Two, a recognition that social entitlements are a political right, not a charity. The post-World War II golden era of capitalism — which lasted till the ascendancy of neo-liberal economics — was able to deliver a good life to so many only because of a strong welfare state premised on these two principles. The social democracies of the Scandinavian countries, which always top any global ranking for quality of life, still largely operate on this model.

It is precisely this two-pronged welfare paradigm — rights-based social provisions and redistribution of gross national income — that the Modi government is determined to dismantle.

Under so-called Modinomics, citizens shall have no right to work, no right to food, and no right to ask for what is their due by right (which might explain why the government hasn’t filled the post of the Central Information Commissioner for the past eight months).

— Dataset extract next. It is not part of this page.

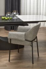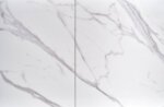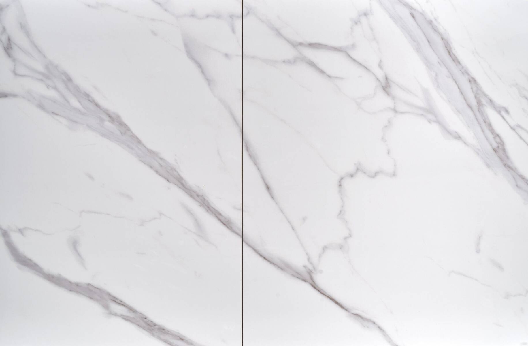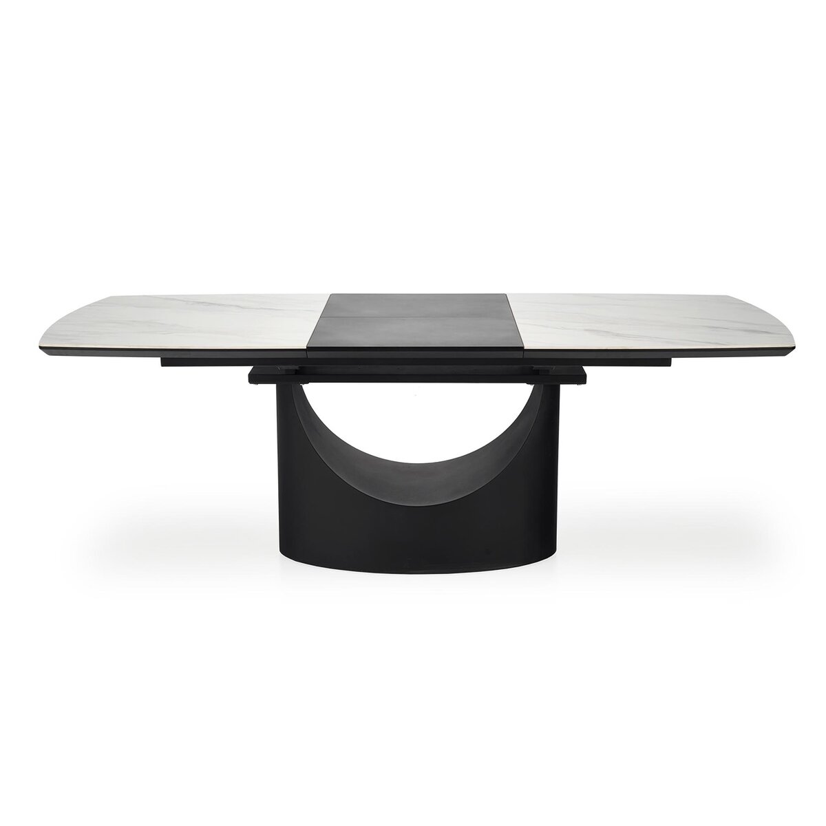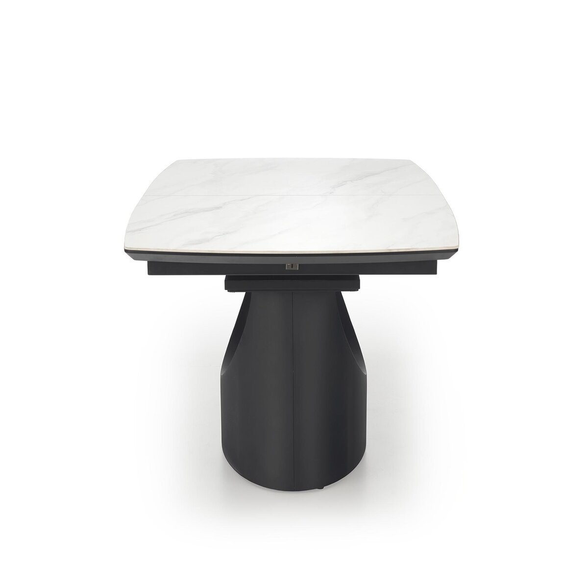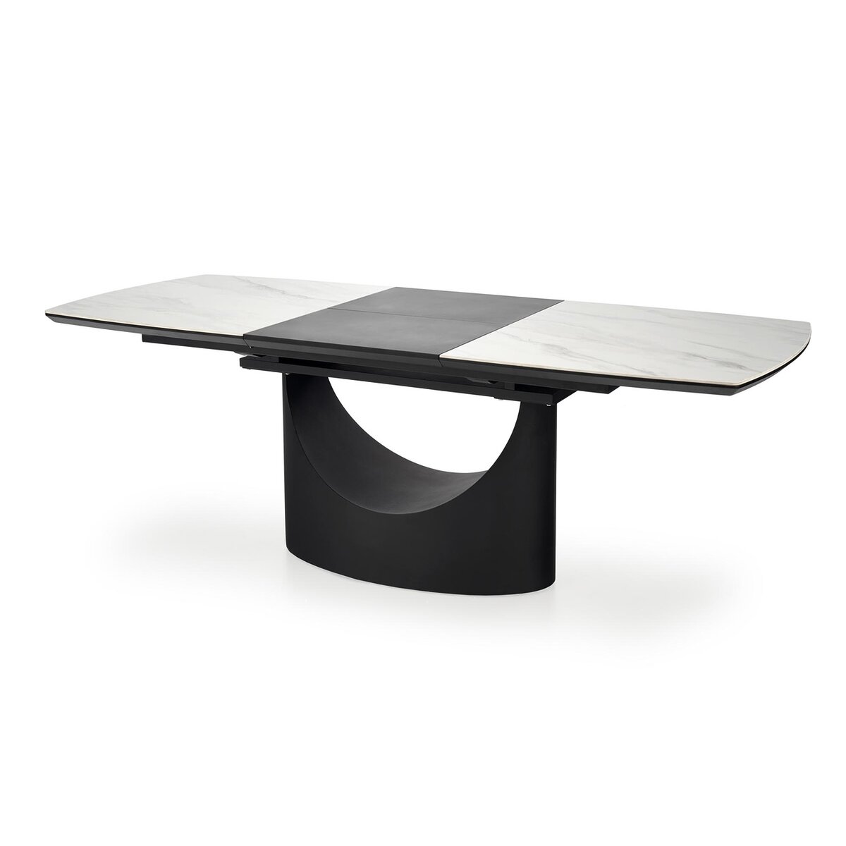 Трапезна маса с разтегателен плот имитация на бял мрамор и вдлъбната основа в черен цвят Остин.

Of course, insurance-based schemes driven by contributions from the citizenry are also a widely employed social protection tool. But these are more suited to the developed economies with less acute poverty. Its role there has been to offer protection against economic risks such as unemployment or sickness. Social insurance is not a poverty alleviation measure — which is what India needs at present.

So, what does a social protection scheme that is also an effective poverty alleviation measure look like? This is what the radical communist organisation, the OECD, says in a report released this week, “India has one of the largest public works programme in the world in terms of coverage, the NREGS, which plays an important role in reducing short-term poverty and smooth employment and income throughout the year for rural labourers.” And it adds, for good measure, “The programme, however, remains little used, mainly in poorer States, because of lack of funding”.

Unfortunately, for India’s rural labourers, Mr. Modi doesn’t think as highly of the MGNREGA. There is, however, a practical reason for this dislike of any rights-based welfare measures: by definition, and by law, a rights-based entitlement cannot be subjected to fiscal tyranny.

This is precisely why all of India’s rights-based legislations — the right to work, the right to food, the right to education, and the right to information represent a huge achievement for Indian democracy. They symbolize the triumph of politics over blind monetarism. And today, they form the legislative edifice on which the social and economic aspirations of a vast majority of Indians rest.

But the Modi dispensation — like the one that preceded it — is also under pressure to kowtow to the dogma of fiscal rectitude. Yet fiscal discipline is not the only agenda behind the savage spending cuts in its very first year. The aim is also to prepare the ground for fundamentally altering the default settings of social welfare in India — from a rights-based one that honours the dignity of the poor, to a paternalistic one that will push thousands more of the landless poor into a debt trap, depress rural wages, and make them ever more dependant on government charity, and at the brutal mercy of the unorganised labour market.

At the end of the day, all that the average Indian asks of the state are basic amenities for a life of dignity, not life insurance. It is doubtful, however, if this expectation will much impress our ‘tough love’ Prime Minister.